Cross-inscribed stone, Kilmoremoy, Co. Mayo
Co. Mayo |
Crosses & Monuments
At League Cemetery in Kilmoremoy, County Mayo, a large irregular rock rises about seventy centimetres from the ground, most likely a natural outcrop of bedrock rather than a placed monument.
On its vertical western face, someone at some point in the early medieval period took a tool to the stone and carved with considerable precision: an equal-armed cross enclosed within two concentric circles, the whole composition no more than forty centimetres across. It is a quiet, almost miniature piece of work on a very large and immovable rock.

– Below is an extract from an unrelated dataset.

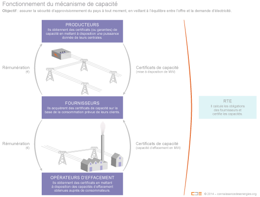 Les fournisseurs doivent acquérir des certificats délivrés par le gestionnaire du réseau électrique RTE aux opérateurs de capacité, à savoir les producteurs ou les opérateurs d'effacement. Ces certificats seront échangeables sur le marché de capacité, ce qui déterminera leur prix.

The carving is executed in incised grooves, the kind made by repeated scoring rather than single deep cuts. The cross arms and shaft extend outward to meet the edge of the innermost circle, creating a wheel-cross form, and between each of the four arms there is a curved incised arc that defines the quadrant space. At the centre of each of those quadrants there was once a small dimple, now barely visible. Cross-in-circle designs of this type are associated with early Christian activity in Ireland, often appearing on stones near monastic enclosures or burial grounds, and the local tradition attached to this particular rock fits that context well. The stone is known in Irish as Lia-na-manach, meaning Stone of the monks. The enclosure in which it sits is itself circular, a form commonly associated with early ecclesiastical settlements, and the whole complex is set within the older burial ground that bears the name League Cemetery. Whether the enclosure predates the carving, or the two features belong to the same period of use, is not recorded, but their proximity suggests a long continuity of significance at this spot.